As someone who is both a Christian and a lover of good television and well-told stories, whether or not to watch Breaking Bad is something I’ve struggled with for a long time.
I tried to watch the pilot a couple years ago and made it about 15 minutes in before stopping. Too many F Bombs, a topless woman and an overall dark and depressive feeling to the entire proceedings left me feeling cold and like I needed to spend some time repenting.
Some time passed, Breaking Bad entered its final stretch, and I started hearing from friends at church about how much they enjoy Breaking Bad. They dig the show and don’t have any problems with it like I did. I decided to give it another shot. I did some research and found out the rest of the show isn’t like what I saw. The F bomb doesn’t really appear all that often and nudity is at a minus. Besides, Citizen Kane is my favorite movie. What is that but a movie about one man’s descent into self-destruction brought on by his own selfish choices?
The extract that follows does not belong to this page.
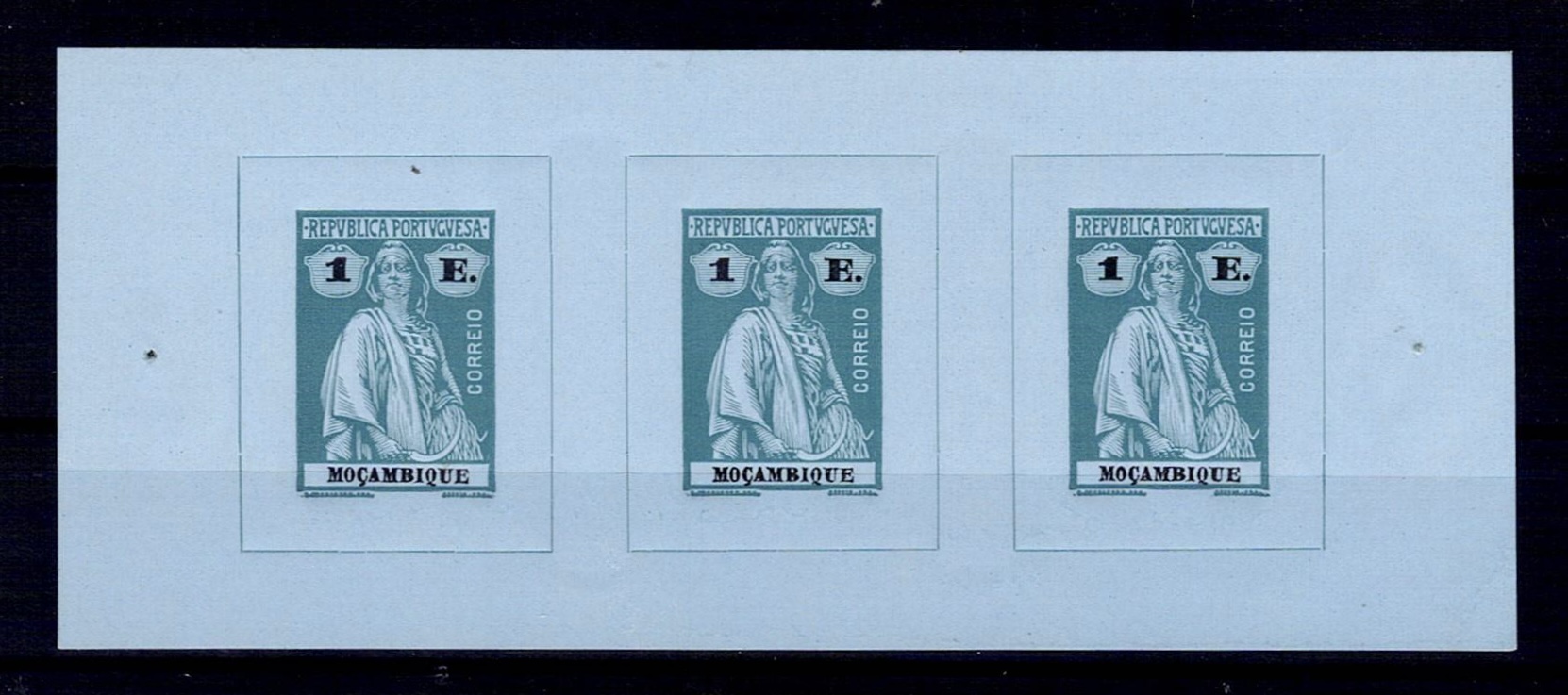 1386 imageMozambique 1914 – Ceres. Mf#168, 1 Esc. Horizontal strip with 3 color proofs in green on blue colored porcelain paper, not dented, squared, without gum, without defects or repairs, in good color, considered clandestine.(Image 1)

I love the movie BECAUSE it’s about that. It’s a great lesson about the kind of lives we should be living. No one wants to end up like Kane.
SO, I queue up the pilot to Breaking Bad again and this time I forced myself through it. There was lots to love, certainly. It’s well photographed, holds your interest, and the psychology of the thing was fascinating. I loved all the actors and their performances–Bryan Cranston in particular is always worth watching, as everyone knows. Loved Aaron Paul, who was new to me. The writing was so, so good. It’s exactly the kind of show I could really get into.
And I won’t watch one minute past the pilot even though I desperately want to. The storyteller in me is dying for the master class I know is just waiting for me on Netflix, but I won’t do it.
I won’t watch again because that feeling I got the first time I watched it–that dark, depressive feeling–never went away. In fact, it only got worse and it wasn’t really coming from the R Rated content that I’d already seen the bulk of two years past. It was just the vibe of the show. Now, I’m told Breaking Bad gets much, much worse as it goes along. Walter White becomes Scarface, I know this. Is that really worse than what became of Charles Foster Kane? I don’t know, but I know that the way Breaking Bad chooses to depict a fall of such magnitude is not something my Father in Heaven wants me, personally, to be watching. I think God often communicates with feelings like the ones I had when I watched the pilot. I do my best to pay attention to them.
Breaking Bad wallows in the evil it depicts. It is, as Blake says, visceral. I don’t think I need to give the devil that much airtime. I don’t think storytellers need to do that to get the point across. I know Kane cheated on his wife without ever having seen him in bed with his mistress. Was the impact of the betrayal of his marriage vows lost because I didn’t see it actually happen? Of course not.
I think there’s a fine line between showing consequences and glorifying them. I’m not saying the show is ever trying to put forth Walter White as any kind of example of what we should strive for, but in its effort to show the evil that one man can do because of his selfish choices, the show revels in the entertainment value of that very evil. This cannot be a good thing. I think it’s the source of that awfulness I’ve felt the two times I’ve watched it. I think it supersedes whatever other benefits may come from watching the show.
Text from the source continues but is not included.